# Deep Markov Model
Based on "Structured Inference Networks for Nonlinear State Space Models" by Krishnan, Shalit and Sontag. (AAAI 2017)

In [1]:
import jax
import jax.numpy as np
from jax.experimental import stax
import numpyro
import numpyro.distributions as dist
from numpyro.infer import SVI, ELBO
from numpyro.optim import Adam
from numpyro.examples.datasets import load_dataset, JSBCHORALES

In [2]:
init, get_batch = load_dataset(JSBCHORALES, batch_size=32)
ds_count, ds_indxs = init()
seqs, seqs_rev, lengths = get_batch(0, ds_indxs)
print("Sequences: ", seqs.shape)
print("Length min: ", min(lengths), "max: ", max(lengths))

Sequences:  (32, 129, 4)
Length min:  33 max:  108


In [3]:
def _one_hot_chorales(seqs, num_nodes=88):
    return np.sum(np.array((seqs[..., None] == np.arange(num_nodes + 1)), 'int'),axis=-2)[..., 1:]
_one_hot_chorales(seqs[:, 0]).shape

(32, 88)

## DMM Neural Components

In [4]:
def Emitter(hidden_dim1, hidden_dim2, out_dim):
    return stax.serial(
        stax.Dense(hidden_dim1), stax.Relu,
        stax.Dense(hidden_dim2), stax.Relu,
        stax.Dense(out_dim), stax.Sigmoid
    )

In [5]:
def Transition(gate_hidden_dim, prop_mean_hidden_dim, out_dim):
    gate_init_fun, gate_apply_fun = stax.serial(
        stax.Dense(gate_hidden_dim), stax.Relu,
        stax.Dense(out_dim), stax.Sigmoid
    )

    prop_mean_init_fun, prop_mean_apply_fun = stax.serial(
        stax.Dense(prop_mean_hidden_dim), stax.Relu,
        stax.Dense(out_dim)
    )

    mean_init_fun, mean_apply_fun = stax.Dense(out_dim)

    stddev_init_fun, stddev_apply_fun = stax.serial(
        stax.Relu, stax.Dense(out_dim),
        stax.Softplus
    )

    def init_fun(rng, input_shape):
        output_shape = input_shape[:-1] + (out_dim, 2)
        k1, k2, k3, k4 = jax.random.split(rng, num=4)
        _, gate_params = gate_init_fun(k1, input_shape)
        prop_mean_output_shape, prop_mean_params = prop_mean_init_fun(k2, input_shape)
        _, mean_params = mean_init_fun(k3, input_shape)
        _, stddev_params = stddev_init_fun(k4, prop_mean_output_shape)
        return output_shape, (gate_params, prop_mean_params, 
                              mean_params, stddev_params)

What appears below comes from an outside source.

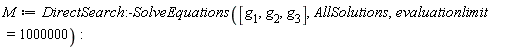 The SolveEquations command in DirectSearch seeks minima of , and returns an m × 4 matrix, each row of which details an extreme point: the value of R, a vector of residuals for each , the coordinates of the point, and the number of evaluations of R it took to find that point. The minima are arranged in order of increasing value of R.
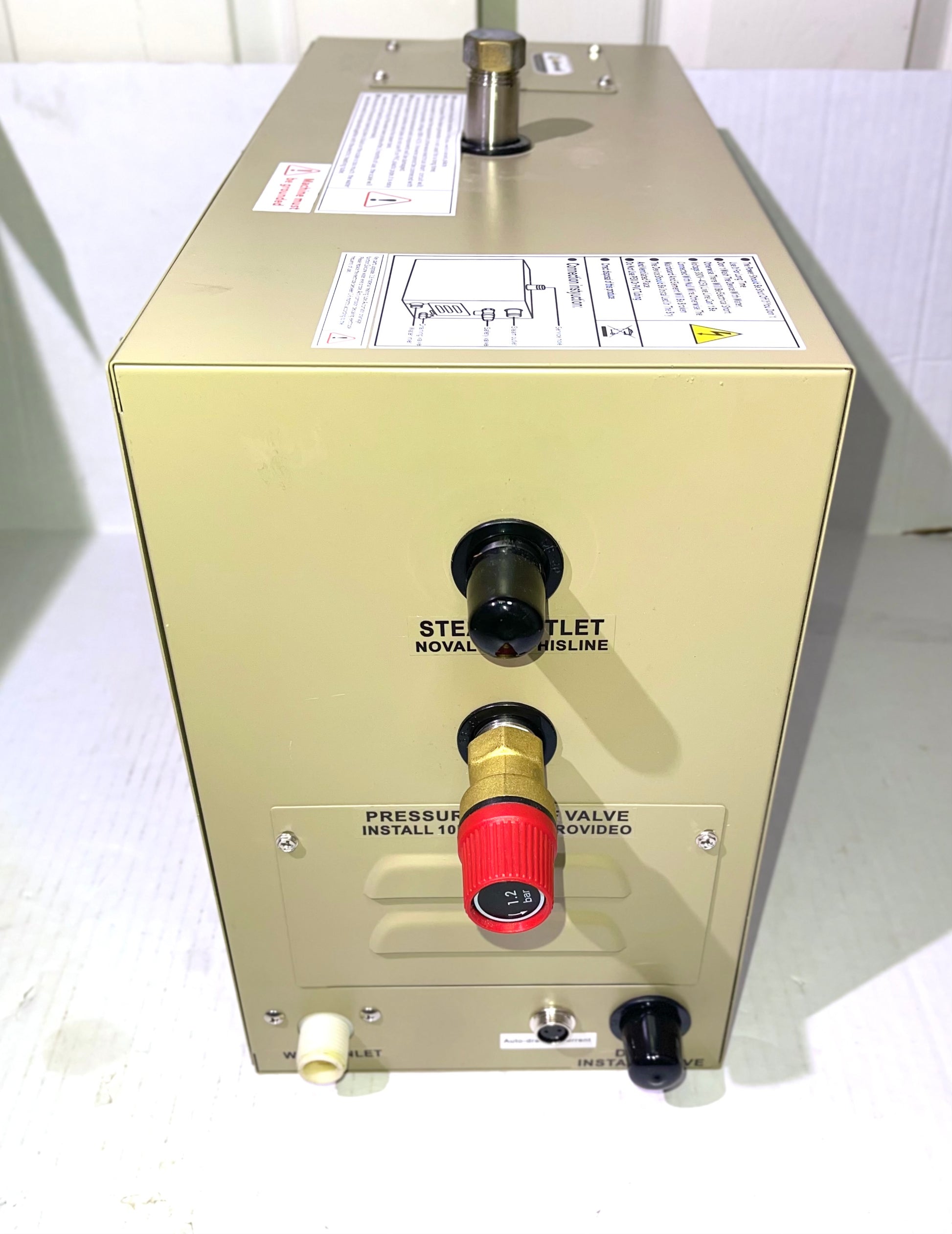 Note: not included- digital controller, steam nozzle, drain valve and safety valve

    def apply_fun(params, inputs, **kwargs):
        gate_params, prop_mean_params, mean_params, stddev_params = params
        gt = gate_apply_fun(gate_params, inputs)
        ht = prop_mean_apply_fun(prop_mean_params, inputs)
        mut = (1 - gt) * mean_apply_fun(mean_params, inputs) + gt * ht
        sigmat = stddev_apply_fun(stddev_params, ht)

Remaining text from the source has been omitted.